DATASET EXTRACT>
....................

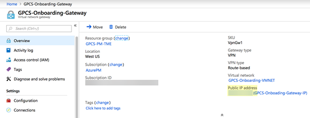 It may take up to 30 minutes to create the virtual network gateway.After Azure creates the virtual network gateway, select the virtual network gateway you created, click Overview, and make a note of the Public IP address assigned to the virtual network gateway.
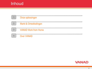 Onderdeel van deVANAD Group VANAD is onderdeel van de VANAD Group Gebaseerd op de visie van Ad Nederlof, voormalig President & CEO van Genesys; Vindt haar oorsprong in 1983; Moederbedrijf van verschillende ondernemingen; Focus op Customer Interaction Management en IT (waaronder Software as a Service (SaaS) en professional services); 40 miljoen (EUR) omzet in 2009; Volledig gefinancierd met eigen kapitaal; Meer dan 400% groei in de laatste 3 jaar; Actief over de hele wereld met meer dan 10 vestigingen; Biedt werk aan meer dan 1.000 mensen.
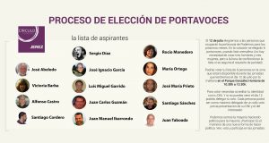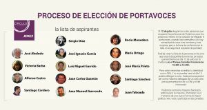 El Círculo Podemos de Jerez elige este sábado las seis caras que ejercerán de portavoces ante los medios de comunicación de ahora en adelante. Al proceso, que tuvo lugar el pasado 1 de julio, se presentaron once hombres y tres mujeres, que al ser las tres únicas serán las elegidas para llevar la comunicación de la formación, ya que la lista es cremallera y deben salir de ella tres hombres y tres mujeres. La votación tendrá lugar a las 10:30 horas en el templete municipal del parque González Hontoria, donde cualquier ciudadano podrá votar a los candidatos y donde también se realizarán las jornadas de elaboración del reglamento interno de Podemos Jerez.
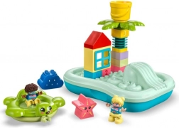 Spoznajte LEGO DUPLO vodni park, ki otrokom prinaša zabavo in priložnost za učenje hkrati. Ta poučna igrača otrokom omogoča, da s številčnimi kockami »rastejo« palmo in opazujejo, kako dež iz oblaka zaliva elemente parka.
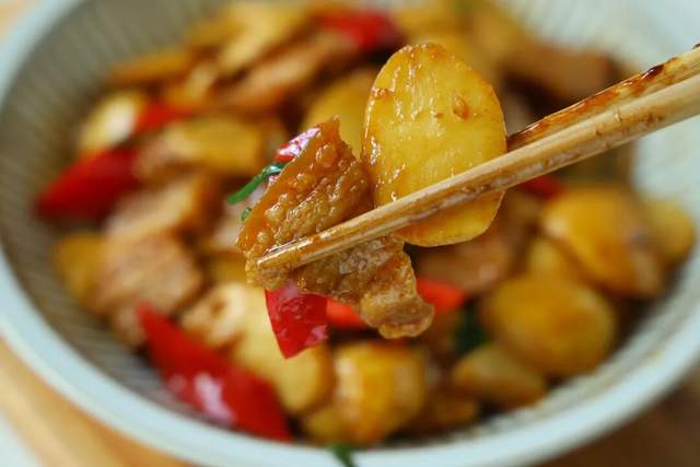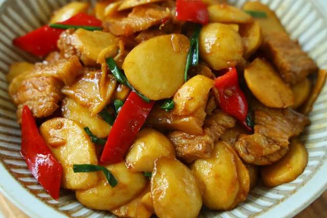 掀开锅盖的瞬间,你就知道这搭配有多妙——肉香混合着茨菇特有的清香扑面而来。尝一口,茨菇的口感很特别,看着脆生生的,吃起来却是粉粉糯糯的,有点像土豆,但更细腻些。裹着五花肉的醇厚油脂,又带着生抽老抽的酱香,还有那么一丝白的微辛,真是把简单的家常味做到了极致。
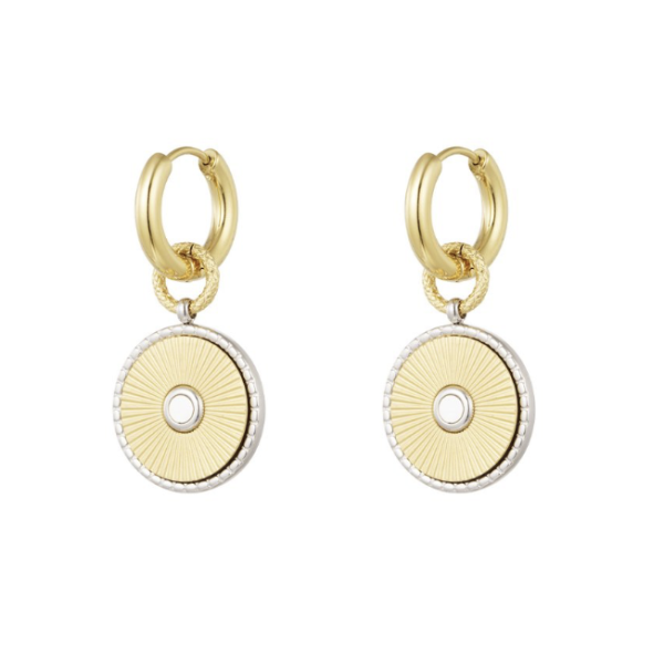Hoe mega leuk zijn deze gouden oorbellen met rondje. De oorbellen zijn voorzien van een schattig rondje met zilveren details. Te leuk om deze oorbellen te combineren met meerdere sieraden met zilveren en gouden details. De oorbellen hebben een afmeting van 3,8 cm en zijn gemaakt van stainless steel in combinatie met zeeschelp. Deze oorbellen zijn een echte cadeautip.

....................

WHAT THIS TASK INVOLVES>
All that is needed is an exact copy of the lines from the top of the entries through the line containing "Onderdeel van deVANAD", pictures left out.

ANSWER>
 It may take up to 30 minutes to create the virtual network gateway.After Azure creates the virtual network gateway, select the virtual network gateway you created, click Overview, and make a note of the Public IP address assigned to the virtual network gateway.
 Onderdeel van deVANAD Group VANAD is onderdeel van de VANAD Group Gebaseerd op de visie van Ad Nederlof, voormalig President & CEO van Genesys; Vindt haar oorsprong in 1983; Moederbedrijf van verschillende ondernemingen; Focus op Customer Interaction Management en IT (waaronder Software as a Service (SaaS) en professional services); 40 miljoen (EUR) omzet in 2009; Volledig gefinancierd met eigen kapitaal; Meer dan 400% groei in de laatste 3 jaar; Actief over de hele wereld met meer dan 10 vestigingen; Biedt werk aan meer dan 1.000 mensen.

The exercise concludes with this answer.